Which of the following passages is most likely an example of free indirect discourse?
AShe said, 'I cannot endure another moment of this tedious party.'
BShe told him that she could not endure another moment of the party.
CShe could not endure another moment of this. The party was absolutely insufferable, and everyone in it a perfect bore.
DThe narrator observes that the character experienced the party as unpleasant and wished to leave.
Option C uses third-person grammar and past tense (no first person, no quotation marks, no attribution) but adopts the character's emotional register and vocabulary ('absolutely insufferable,' 'perfect bore') — the hallmarks of FID. Option A is direct speech (verbatim with attribution). Option B is indirect speech (paraphrase with attribution). Option D is pure narrator report — formally distanced and observational, with no trace of the character's voice bleeding through.

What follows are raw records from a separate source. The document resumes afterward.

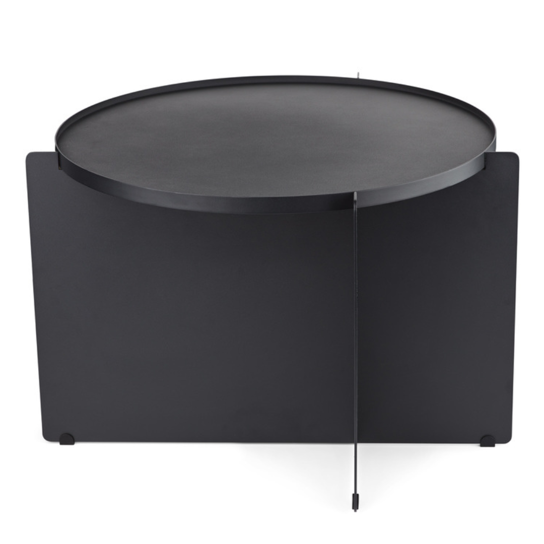 De Gejst Svip Tray Table is opgebouwd uit twee asymmetrische aluminium platen en heeft een afneembaar rond dienblad wat bijzonder functioneel bij het brengen en afruimen van uw drankjes,  de tafel vakkundig technische goed doordacht en heeft ook mooie architecturale kwaliteiten.
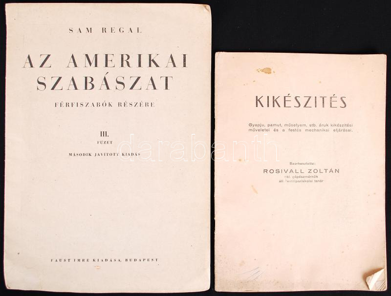 2db szabászati kiadvány: Kikészités. Gyapju, pamut, műselyem, stb. áruk kikészitési műveletei és a festés mechanikai eljárásai; Az amerikai szabászat. Férfiszabók részére
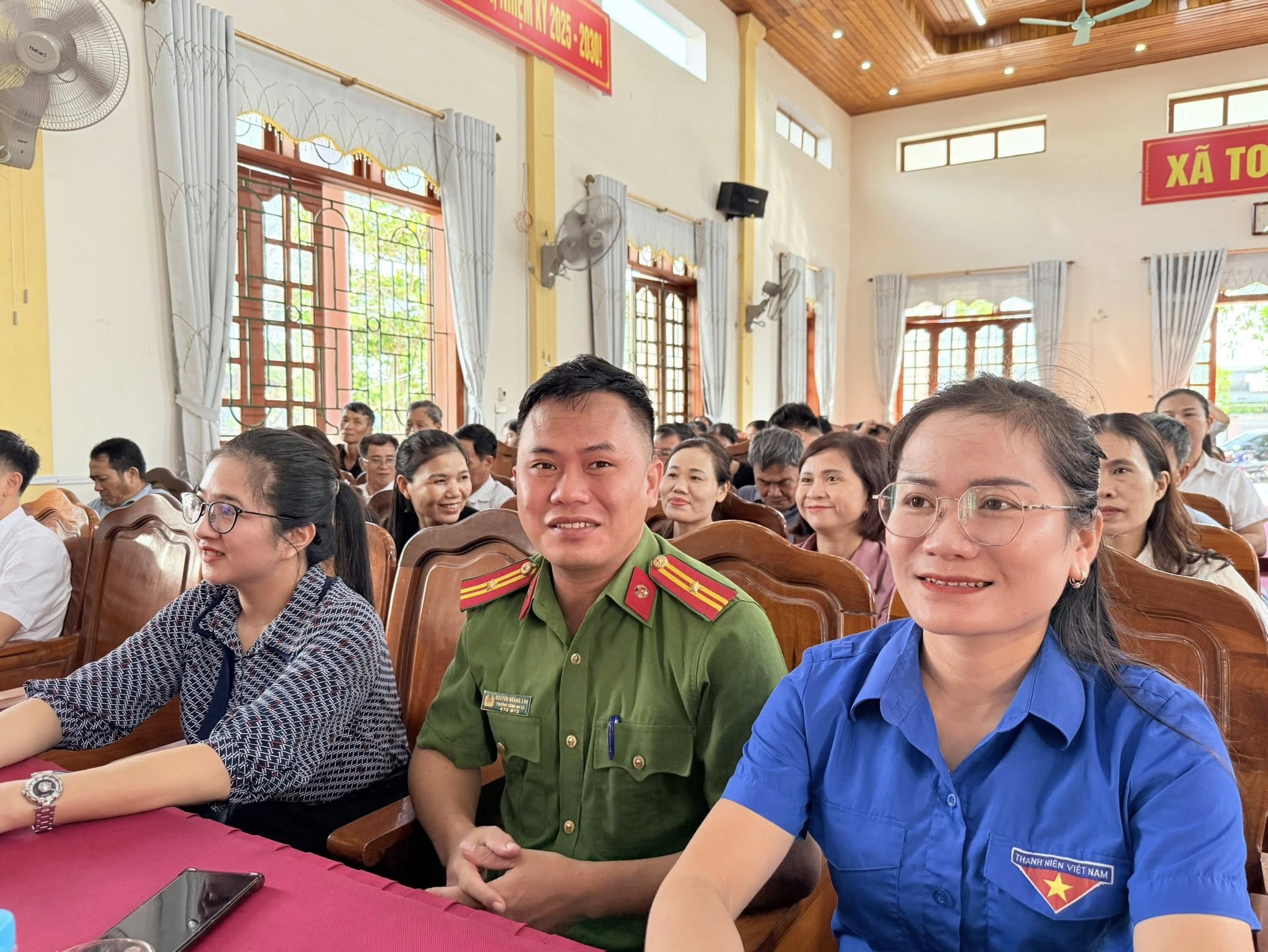 Tham dự buổi lễ có đồng chí Nguyễn Thanh Lâm -Phó Giám đốc Trung tâm Khoa học, Công nghệ và Chuyển đổi số. Về phía xã có đồng chí Thường trực Đảng ủy, HĐND, UBND, UBMTTQ xã, các phòng ngành, đơn vị, đoàn thể, cán bộ công chức, viên chức, người lao động, cùng đại diện 23 Tổ chuyển đổi số cộng đồng và đông đảo nhân dân trên địa bàn xã.
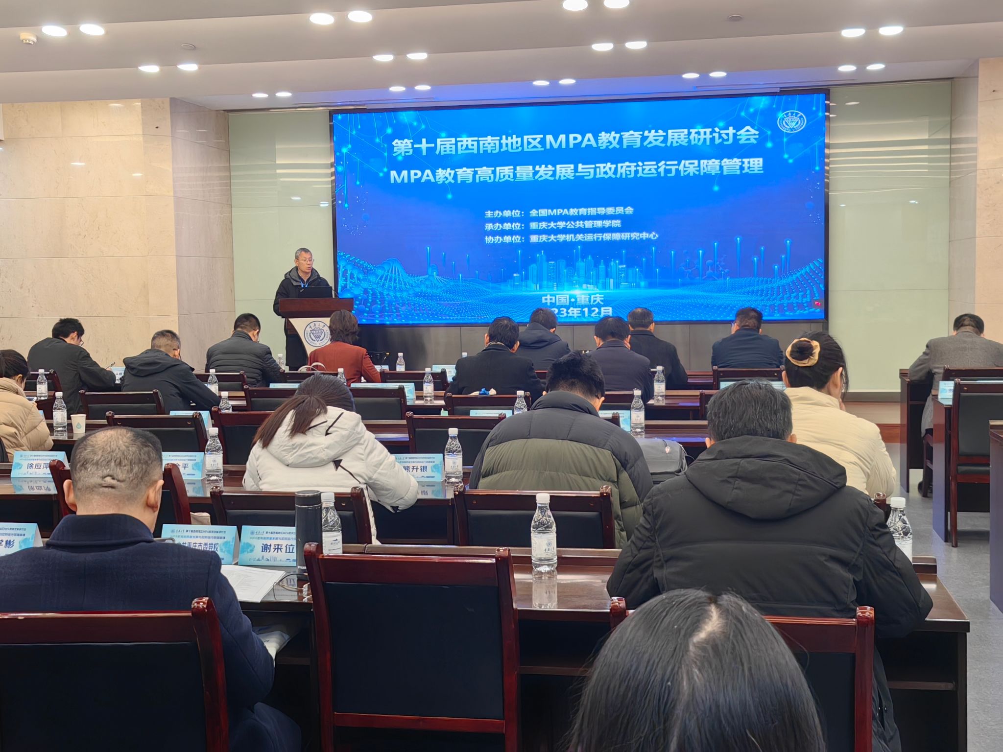 2023年12月23日,由全国公共管理专业学位研究生教育指导委员会主办,重庆大学太阳集团tcy8722承办,重庆大学机关运行保障研究中心协办的“MPA教育高质量发展与政府运行保障管理 第十届西南地区MPA教育发展研讨会”在重庆大学召开。来自云贵川渝四省市30多所高校MPA培养单位的院长、书记、教师代表和管理人员100余人参加会议。会议分为开幕式、主旨演讲、分论坛、分组汇报和交接仪式等环节。我院院长王永杰教授、副院长彭川宇教授、MPA教育中心张爽秋和陈冬菊四位老师代表太阳集团tcy8722参会。开幕式由重庆大学太阳集团tcy8722副院长汪涛教授主持。
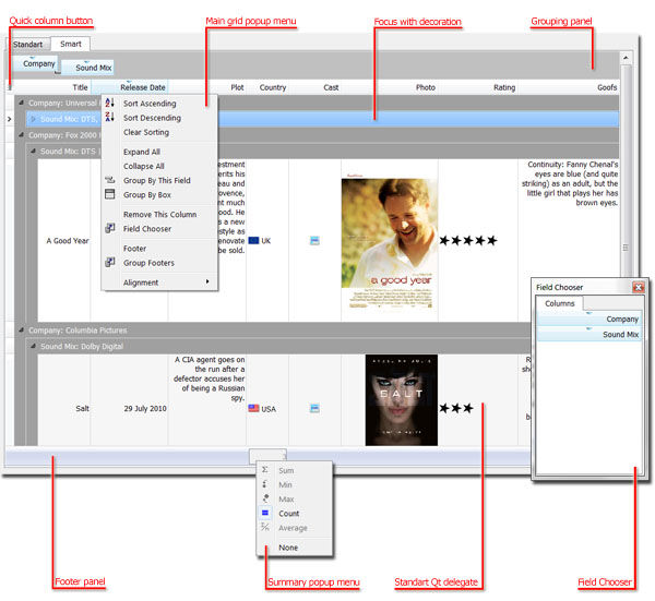 QtitanDataGrid is by far the fastest grid component for Qt on the market. It's a unique data library (third-party Qt widget) for Nokia-Qt that provides the same level of development comfort and functionality as its Delphi and .NET counterparts. The library smoothly integrates into QtDesigner and allows you to use its advanced data management features right "out of the box". QtitanDataGrid takes the functionality of QTableView to a new level by offering an array of unique features. With this component, you'll be able to dynamically load different types of data into an editable and highly flexible data grid that supports grouping, sorting, banded columns, summaries and a lot more! Developers with substantial .NET/Delphi background will be pleasantly surprised to see the same level of functionality that was available in their familiar IDE's. The use of QStyle for rendering grid elements ensures seamless visual integration into any program.
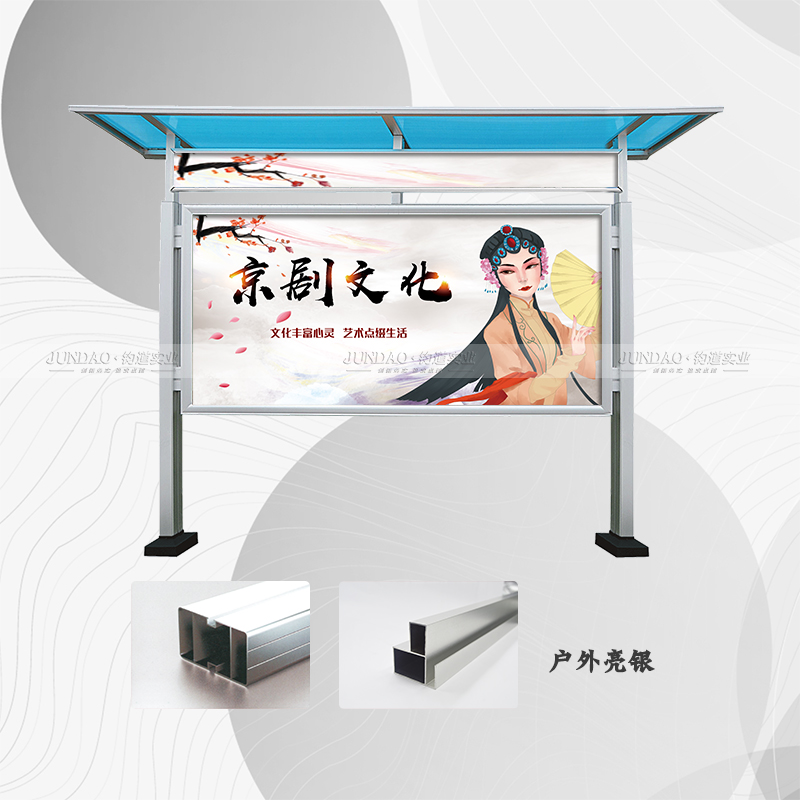 河南钧道实业有限公司主营:铝合金户外带雨棚宣传栏、垃圾分类亭、挂墙报栏、移动展架、广告铝框、可折叠海报架、灯杆道旗、带造型灯杆灯箱、标识牌、花草牌等成品。

Question 2 Multiple Choice
A narrator uses free indirect discourse to report: 'He had, of course, made entirely the right decision. No reasonable person could have done otherwise.' Everything preceding this passage has shown the decision to be disastrous. What effect does this create?
ANarrative inconsistency — the author has accidentally let the character's self-delusion contradict the plot
BDramatic irony: the gap between the character's confident self-assessment voiced in FID and what the reader knows from the surrounding narrative creates a quietly devastating indictment
CInterior monologue confirming that the character is a reliable narrator for this section
DAuthorial endorsement of the character's judgment, since the narrator is giving it voice
FID enables irony precisely because it voices a character's perspective without endorsing it. The reader knows the decision was wrong; the character's confident self-assessment, filtered through the narrator's grammar, highlights the gap between self-perception and reality. Option D is the key misconception: narrator's voice ≠ authorial endorsement in FID. The narrator can voice a character's thought while remaining detached from or contemptuous of it — that double layer is what makes Austen's irony so precisely calibrated.
Question 3 True / False
Free indirect discourse requires explicit attribution markers such as 'she thought' or 'he reflected' to signal the shift from the narrator's voice into the character's consciousness.
TTrue
FFalse
Answer: False
The defining feature of free indirect discourse is the absence of attribution markers. 'She thought, "This is a disaster"' is direct speech; 'She thought that it was a disaster' is indirect speech; 'This was a disaster' — same semantic content, no attribution, third-person grammar — is FID. The removal of attribution is not a stylistic accident but the mechanism that creates the voice-blending effect. Attribution would resolve the ambiguity about whose perspective is being rendered; FID deliberately refuses that resolution.
Question 4 True / False
The ambiguity in free indirect discourse about whether a judgment belongs to the narrator or the character is precisely what enables it to generate both psychological intimacy and ironic distance simultaneously.
TTrue
FFalse
Answer: True
This is the central value of FID as a literary technique. When narrator and character share a view, the voicing creates intimacy — the reader enters the character's perspective. When the narrator subtly disagrees, the same voicing creates irony — the reader must detect the gap between what the character believes and what the author implies. FID doesn't resolve this ambiguity; it exploits it, requiring the reader to do interpretive work to determine how much trust to extend to the voiced perspective.
Question 5 Short Answer
Explain the substitution test for identifying free indirect discourse and describe what it reveals about how FID differs from both direct and indirect speech.
Think about your answer, then reveal below.
Model answer: The substitution test: take a passage and try to convert it to direct speech by inserting 'she thought' or 'he said to himself.' If the result reads naturally as interior monologue — if the vocabulary, syntax, and emotional intensity fit the character — the original is likely FID. The test reveals that FID occupies a hybrid position: it adopts the character's register and perspective (like direct speech) while retaining the narrator's third-person grammar and past tense (like indirect speech). Direct speech has quotation marks and attribution; indirect speech has attribution and grammatical shift; FID has neither — it blends both voices in the same sentence without flagging the blend.
The substitution test is diagnostic because FID sounds like the character when you add attribution. If a passage doesn't feel like character interiority after you add 'she thought,' it probably isn't FID — it's pure narrator description. The test captures the defining hybrid: character voice in narrator grammar, which is what makes FID both powerful as a technique and subtly ambiguous in practice.